Handling ' shouldn't be an issue once I generalize the number scanning and conversion logic. Handling "thin space" or even regular space as thousands separators might be a bridge too far, though, I'll have to check the logic that deals with all the different complex number formats to see how well it can handle those variations...

salvis commented 2 years ago

That would be fantastic, thank you very much for considering it!

Even though I've been a software developer for all my life, I've hardly ever had a need for pasting calculated numbers, and even rarer floating point numbers, into source code. That's different for you, of course, I realize that, but you're not exactly in mainstream software development. :-)

Or you could get really fancy and have Shift-Ctrl-C for copying a user-defined number format to the clipboard.

thomasokken commented 2 years ago

https://github.com/thomasokken/free42/compare/4cba40582af61dee591fba3028ae6d73efcfd6c7...b4ae7c246933596c7f697addb75662bd06e5b604

salvis commented 2 years ago

Wow, thank you so much!

thomasokken commented 2 years ago

No problem!

I realized, after creating the release, that there is a potential problem with the new logic in the Windows and Linux versions, namely, they take only the first byte of the decimal and thousands separators, as returned by the locale APIs. This is fine when those characters are simple ASCII period, comma, space, or single quote, but it probably won't do the right thing if the thousands separator is the Unicode thin space, U+2009. The Win32 API documentation doesn't mention how this is handled, or if it is even an allowed value at all.

The MacOS, iOS, and Android versions should be able to handle the thin space or other Unicode characters, since they use Unicode-compatible APIs, that is, the locale information is passed in variables of type NSString or java.lang.String, which provide Unicode support out of the box.

The new logic in Free42 and Plus42 will accept all kinds of spaces while parsing numbers (see the ascii2hp() function for details), and will always generate U+2009 when formatting numbers if the thousands separator is a space. But it will be interesting to see whether all of this works in Windows and Linux environments where the locale has U+2009 as the thousands separator.

thomasokken commented 2 years ago

Ah, my bad, the Win32 API docs mention that the encoding depends on the function you call, GetLocaleInfoA() or GetLocaleInfoW(). Free42 and Plus42 should be calling GetLocaleInfoW() and then performing the UTF-16 to UTF-8 conversion, whereas right now they're calling GetLocaleInfoA() and performing no conversion. This means that a Windows-1252 encoded string is fed to ascii2hp(). When space is selected as the thousands separator, GetLocaleInfoA() returns 0xa0, and ascii2hp() drops that because it's not valid UTF-8. Oops.

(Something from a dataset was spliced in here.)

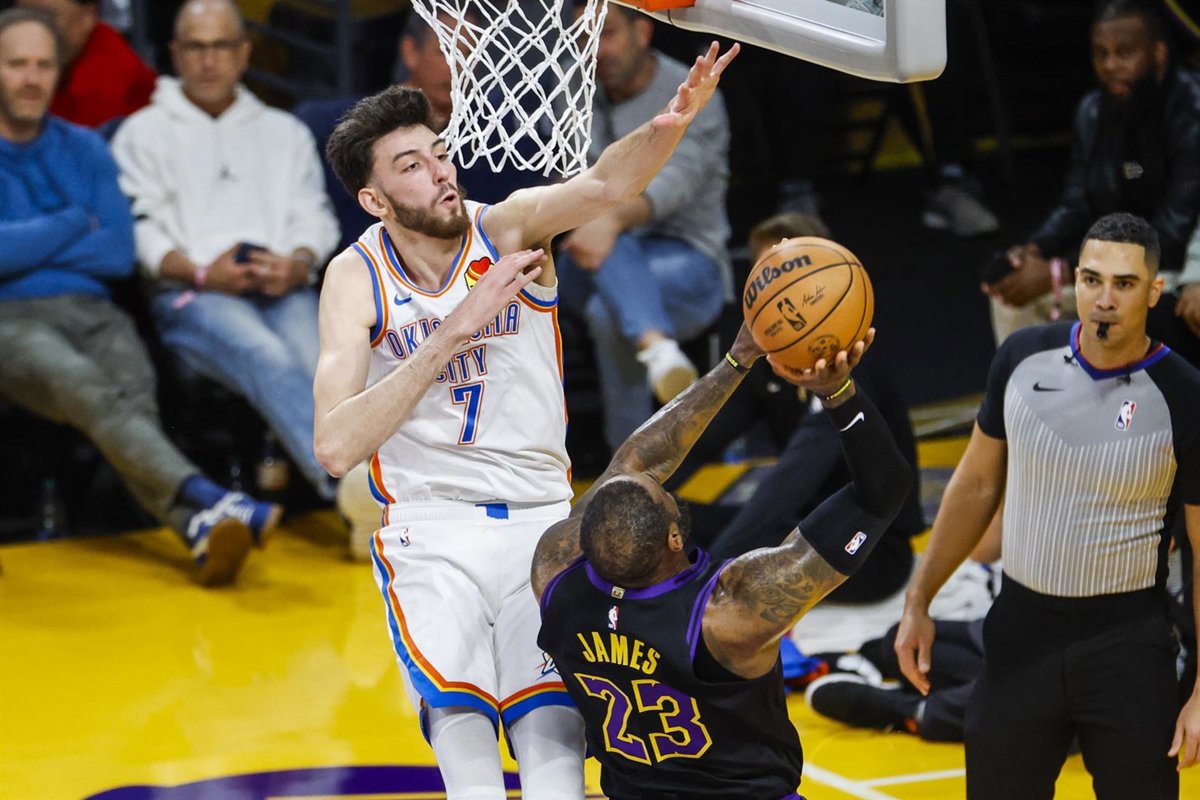 Archivo - Chet Holmgren y LeBron James durante un partido entre los Oklahoma City Thunder y Los Angeles Lakers. - Ringo Chiu/ZUMA Press Wire/dpa - Archivo
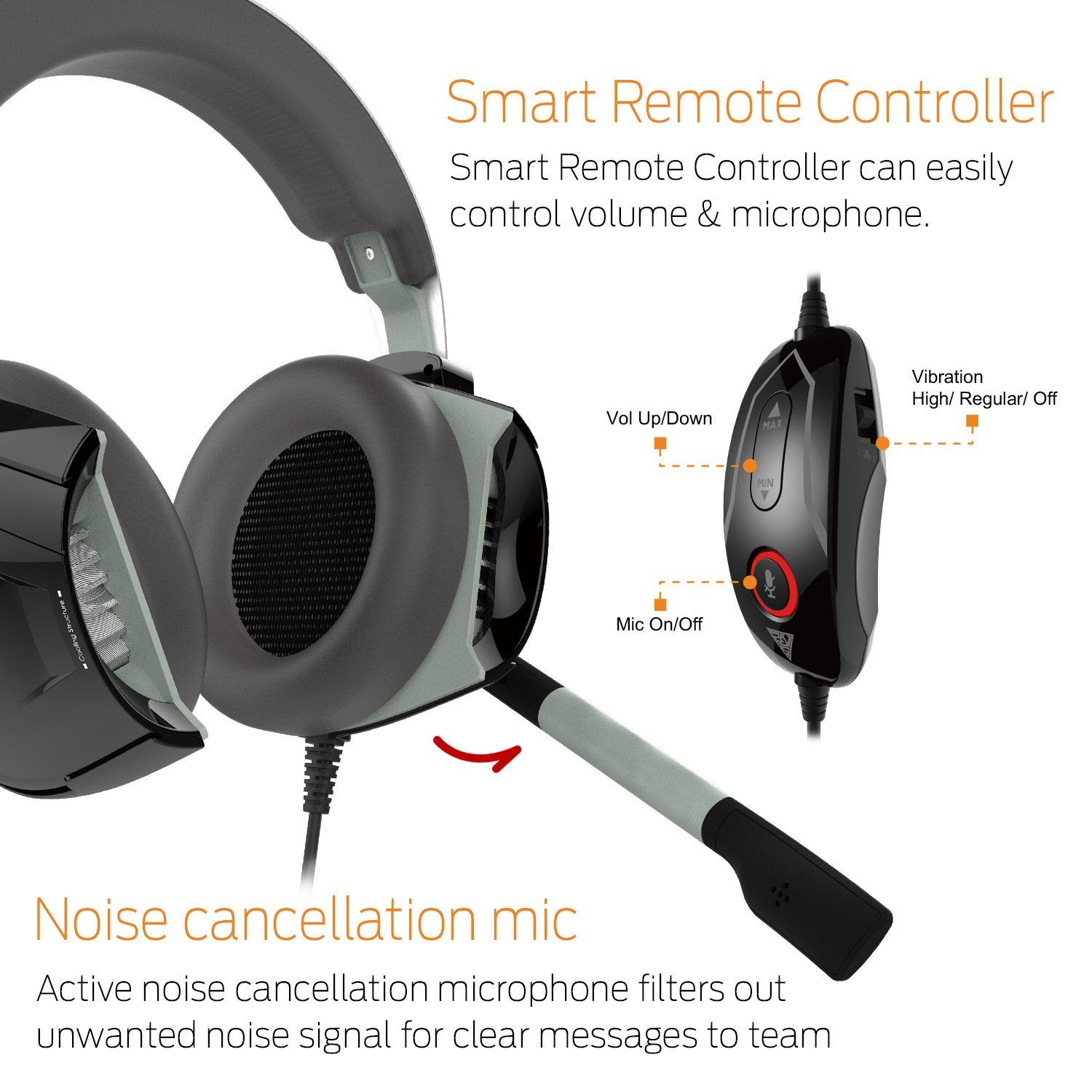 El sistema de control de volumen está integrado en una especie de mando que recuerda al que podemos encontrar en los altavoces para PC e integra un botón para silenciar el micrófono. Es fácil de utilizar pero muy grande y puede resultar incómodo en ciertas configuraciones y escritorios.

I'll fix that. Fortunately the fix is pretty simple.

Now to figure out what the situation is in Linux...

salvis commented 2 years ago

Yes, but why do you want to convert to UTF-8? Especially since you want to access 4 code points by indexing?

In UTF-8 any code point within the ASCII range will take one byte, and outside the ASCII range two, three, or more bytes. That is a royal pain to work with. Why don't you stick with UTF-16? In UTF-16 you're dealing with wchar_t, which is always 2 bytes.

Also, in Win32, when getting from the clipboard, if you want to support Unicode, you specifically have to use GetClipboardDataW(CF_UNICODETEXT), which again gives you wchar_t. And for posting SetClipboardDataW(CF_UNICODETEXT, hMem), encoded as wchar_t.

thomasokken commented 2 years ago

I don't want to use Unicode internally, but I do need to deal with the possibility that the separator character could be set to a non-ASCII character in the locale. The 3.0.12 code doesn't deal with that in the Windows and Linux versions.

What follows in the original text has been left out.